Avoid credit card chaos in Illinois

by Admin
Avoid credit card chaos in Illinois

If a rushed provision contained within the Illinois General Assembly’s revenue bill actually comes to implementation, Illinoisans might find themselves paying at the pump with their credit card and then heading inside to pay their sales tax in a separate transaction.

That’s one possible outcome, at least in the short term, of the so-called Interchange Fee Prohibition Act, part of a bill passed in the wee hours of Wednesday morning and clearly the result of lobbying by the Illinois Retail Merchants Association.

Interchange fees, sometimes called swipe or credit card fees, represent the charges by banks and other parties to process credit card transactions, delivering merchants the guaranteed cash in a timely, secure way and also billing the cardholder. They are why some merchants sometimes charge you more (typically 2% to 4%) for using your plastic, or your Apple Pay, and they are a furiously contested thing. Merchants, who pay them, want to keep them low. Banks and processing companies, who profit from them, want to keep them buoyant.

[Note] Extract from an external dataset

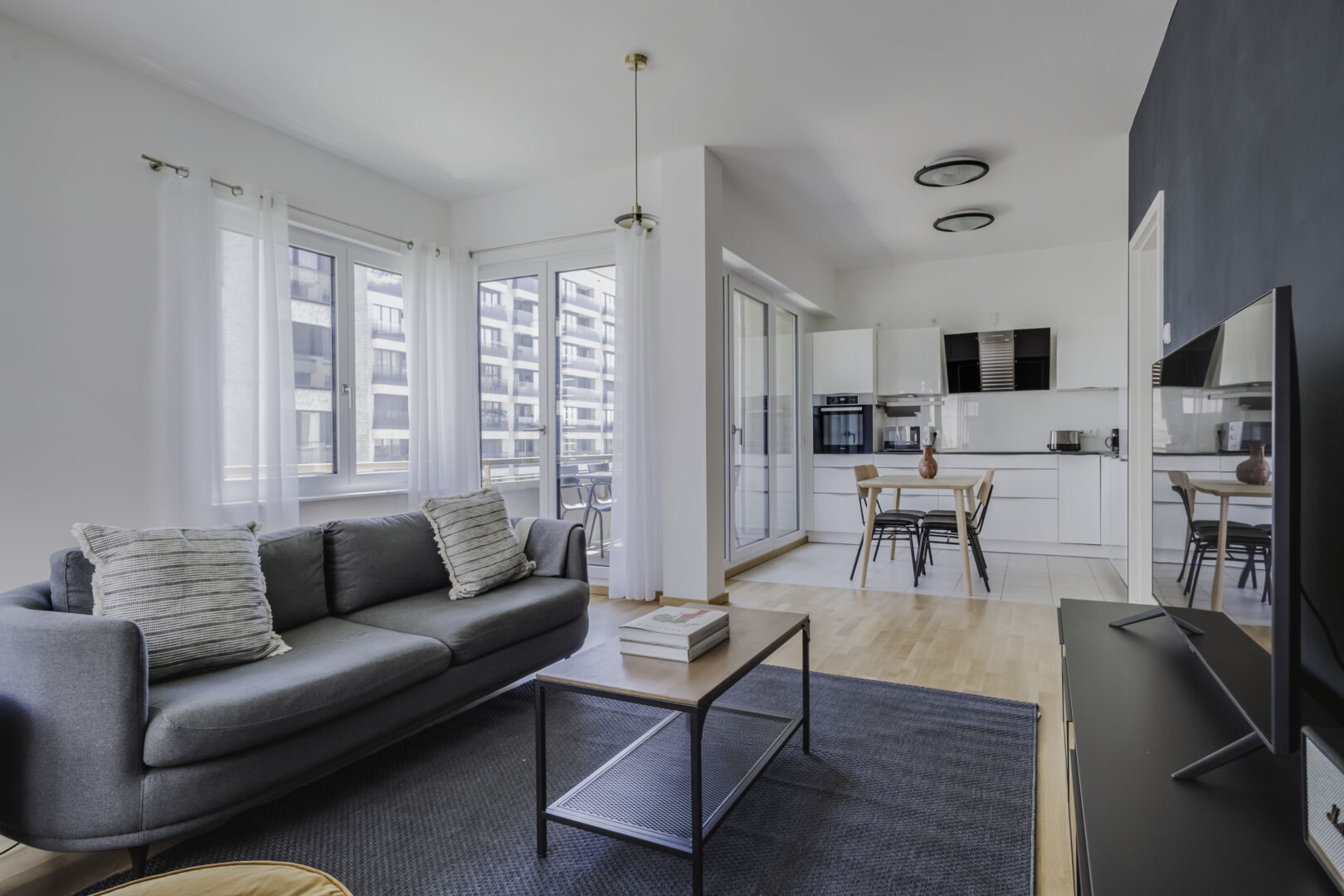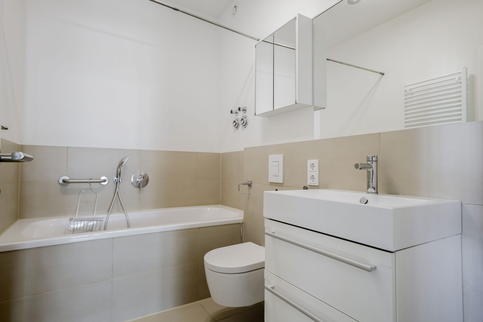 Diese perfekt geschnittene Wohnung befindet sich in einem hochwertigen Neubaukomplex aus dem Jahr 2020. Mit insgesamt 86 m² bietet sie Platz für 3 Zimmer, 2 Bäder und einen Balkon mit Süd-Ost Ausrichtung. Sie verfügt über ein Duschbad sowie ein Wannenbad und ist mit Parkett und Fußbodenheizung ausgestattet. Die voll ausgestattete Küche im modernen Stil lädt zum Kochen und Verweilen ein.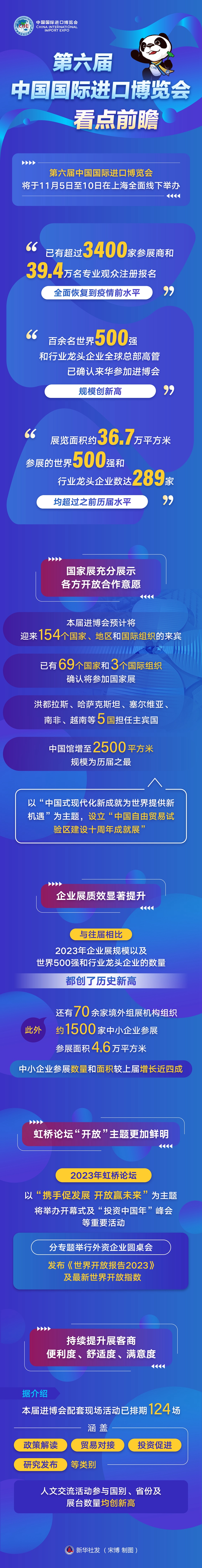 10月23日,国务院新闻办公室在北京举行新闻发布会,请商务部副部长盛秋平、上海市副市长华源、中国国际进口博览局副局长孙成海、上海市商务委员会主任朱民介绍第六届中国国际进口博览会筹备情况,并答记者问。新华社记者 金良快 摄 “已有超过3400家参展商和39.4万名专业观众注册报名,全面恢复到疫情前水平”“百余名世界500强和行业龙头企业全球总部高管已确认来华参加进博会,规模创新高”“展览面积约36.7万平方米,参展的世界500强和行业龙头企业数达289家,均超过之前历届水平”…… 商务部副部长盛秋平在发布会上介绍,目前第六届进博会各项筹备工作已基本就绪。我们将与各方密切配合,全力以赴打造一届高标准、高质量、高水平的全球经贸盛会,为与会各方提供更多市场机遇、投资机遇、增长机遇,凝聚合力,共促发展。 国家展充分展示各方开放合作意愿—— 盛秋平说,本届进博会预计将迎来154个国家、地区和国际组织的来宾;已有69个国家和3个国际组织确认将参加国家展;洪都拉斯、哈萨克斯坦、塞尔维亚、南非、越南等5国担任主宾国;中国馆增至2500平方米,规模为历届之最;以“中国式现代化新成就为世界提供新机遇”为主题,设立“中国自由贸易试验区建设十周年成就展”。 今年是共建“一带一路”倡议提出十周年,共建国家参展情况受到关注。中国国际进口博览局副局长孙成海介绍,国家展的72个参展方中共有64个共建国家。截至目前,共建国家已有超过1500家企业签约第六届进博会企业展,总展览面积近8万平方米,面积较上届增长约30%。 据介绍,对于共建国家中的最不发达国家,进博会通过提供部分免费展位、搭建补贴和展品留购税收优惠政策等方式,推动当地特色产品进入中国市场。 企业展质效显著提升—— 企业展是历届进博会的重头戏。盛秋平介绍,本届进博会能源低碳、人工智能等科技前沿类展览专区以及生活消费类题材展览面积增长30%,超过400项新产品、新技术、新服务将集中展示。全球十五大整车品牌、十大工业电气企业、十大医疗器械企业、三大矿业巨头、四大粮商、五大船运公司等均已确认参展。 孙成海说,与往届相比,今年企业展规模以及世界500强和行业龙头企业的数量都创了历史新高。此外,还有70余家境外组展机构组织约1500家中小企业参展,参展面积4.6万平方米,中小企业参展数量和面积较上届增长近四成。 盛秋平说,前五届进博会展示超过2000项代表性首发新产品、新技术、新服务,累计意向成交额近3500亿美元,助力稳住外贸外资基本盘。今年将组织322家进博会展商走进地方,有力促进“展商变投资商”。 虹桥论坛“开放”主题更加鲜明—— “今年,虹桥论坛将继续聚焦全球开放和经济热点议题,为经济全球化、全球开放合作凝聚更多共识。”盛秋平说。 今年虹桥论坛以“携手促发展 开放赢未来”为主题,将举办开幕式及“投资中国年”峰会等重要活动,分专题举行外资企业圆桌会,发布《世界开放报告2023》及最新世界开放指数。坚持高标准推进,精心组织22场分论坛,全球政商学研界300余位重量级发言嘉宾将出席。 孙成海介绍,论坛紧扣时代热点,设置产业链供应链韧性、数字经济、绿色发展、智能科技、国际标准合作、全球经贸治理等热点议题。国际参与面更广,联合国贸发会议、世界知识产权组织、国际劳工组织等知名国际组织参与主办分论坛。 持续提升展客商便利度、舒适度、满意度—— 据介绍,本届进博会配套现场活动已排期124场,涵盖政策解读、贸易对接、投资促进、研究发布等类别。人文交流活动参与国别、省份及展台数量均创新高。 “这次进博会更加突出智慧和绿色特点。”上海市副市长华源介绍,将充分运用大数据、人工智能等科技手段,优化在电子证件、客流引导、展馆运营管理等方面的应用。推进绿色搭建与出行,持续打造绿色进博、零碳进博、零塑进博。 上海市商务委员会主任朱民说,进一步完善服务保障措施,持续提升展客商便利度、舒适度、满意度。展品入境更加便利,海关出台17条通关便利措施,涵盖参展准入、展品通关、展后处置全流程。

This is far from chump change: The fees netted the industry some $100 billion in 2023.

In the middle are consumers, many of whom are addicted to frequent flyer miles, loyalty points, cash back, Chase points and all the other incentives that credit card companies offer to keep their customers and that are funded by those very fees, which generally are lower outside the U.S., where rewards are much less generous.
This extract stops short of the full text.